CEST, Basic Principles, Contributions To Z-Spectrum
Daniel F. Gochberg1

1Vanderbilt University Institute of Imaging Science

Synopsis

The purpose of this lecture is to introduce the ideas underlying 1) exchange effects in MRI, and CEST in particular; 2) the contributions to CEST contrast; 3) CEST comparisons to spectroscopy; and 4) current issues in CEST research related to pulse sequence design, imaging metrics, and solute specificity.

Most MRI contrast is generated by exchange phenomenon. While relaxation theory is typically taught using the ideas of Bloembergen, Purcell, and Pound (BPP) and focusing on the effects of molecular motion, it is magnetization exchange that is often the essential contributor to relaxation effects in vivo, especially at higher field strengths. In this sense, simple T1- and T2-weighted imaging are measures of magnetization exchange. However, these commonly applied imaging methods generate non-specific contrast, since many distinct exchanging and non-exchanging phenomenon contribute. Magnetization transfer (MT) was developed as a means for imaging a more specific biophysical phenomenon: exchange between water and macromolecules. MT in turn led to chemical exchange saturation transfer (CEST), a means for generating contrast based on magnetization exchange with particular sites, as illustrated in the figure, which reside on particular molecules.

Like spectroscopy, CEST gives information on metabolic concentrations. However, while spectroscopy directly images the metabolite proton signal, CEST is an indirect measure, reporting on changes in the water signal due to exchange between water and a metabolite. This direct/indirect difference results in distinct characteristics: spectroscopy works on most in vivo molecules, generates narrow peaks, and has a small signal strength; CEST works only on molecules with amendable exchange rates and frequency offsets, generates broad peaks that are blurred by rf irradiation and exchange, and has a relatively large signal. Most fundamentally, magnetization exchange is detrimental to spectroscopy and essential to CEST.
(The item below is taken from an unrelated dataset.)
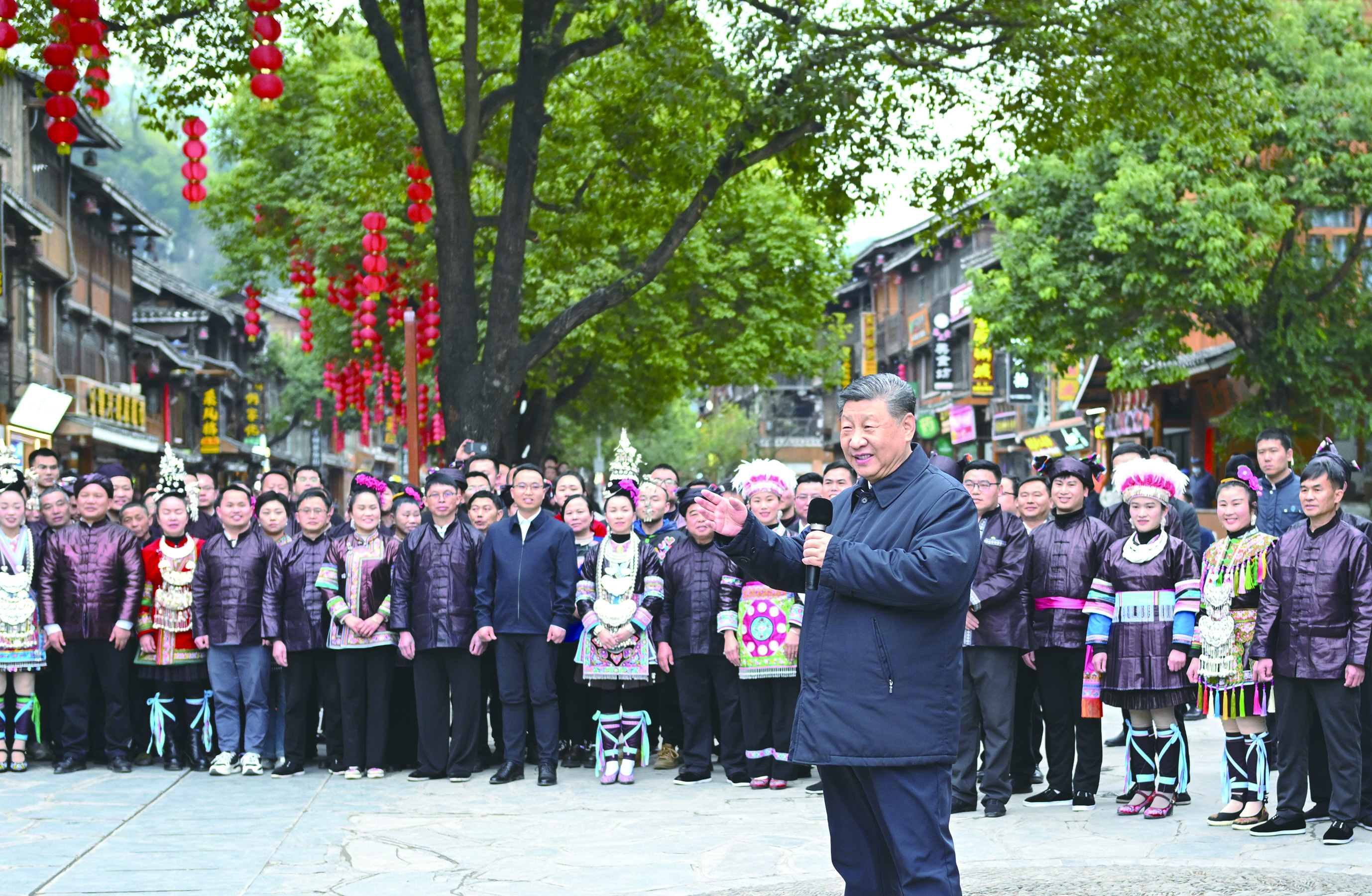 这是17日下午,习近平在黔东南州黎平县肇兴侗寨考察时,同村民们亲切交流。 新华社记者 燕雁 摄

There are five key interrelated issues prevalent in current CEST research: irradiation methods, imaging metrics, solute specificity and quantitative characterization, analytic approximations, and applications. CEST methods irradiate the solute resonance, and the simplest CEST pulse sequence employs continuous wave irradiation. However, pulsed irradiation is often used in practice, either due to amplifier constraints or to generate unique and informative contrast. For example, pulsed methods have been employed to filter the signal on the basis of the exchange rate, avoid macromolecular contributions, or to isolate exchange contributions to the signal while avoiding assumptions about the solute frequency distribution. For each of these irradiation methods, there are corresponding metrics, designed to maximize solute specificity or to quantify a particular tissue parameter. This method/metric design is typically informed by an analytic signal approximation expressed in terms of the underlying tissue parameters. And this entire combination of method, metric, specificity, and analytic approximation is in the service of a particular application, targeting a particular solute, frequency offset, and exchange rate. In this talk, we will briefly touch on these issues to lay the groundwork for the rest of the session.

Acknowledgements

No acknowledgement found.

References

No reference found.

Figures

In addition to exchanging protons and/or magnetization with macromolecules, water exchanges with amides, amines, hydroxyls, and carbon bound protons.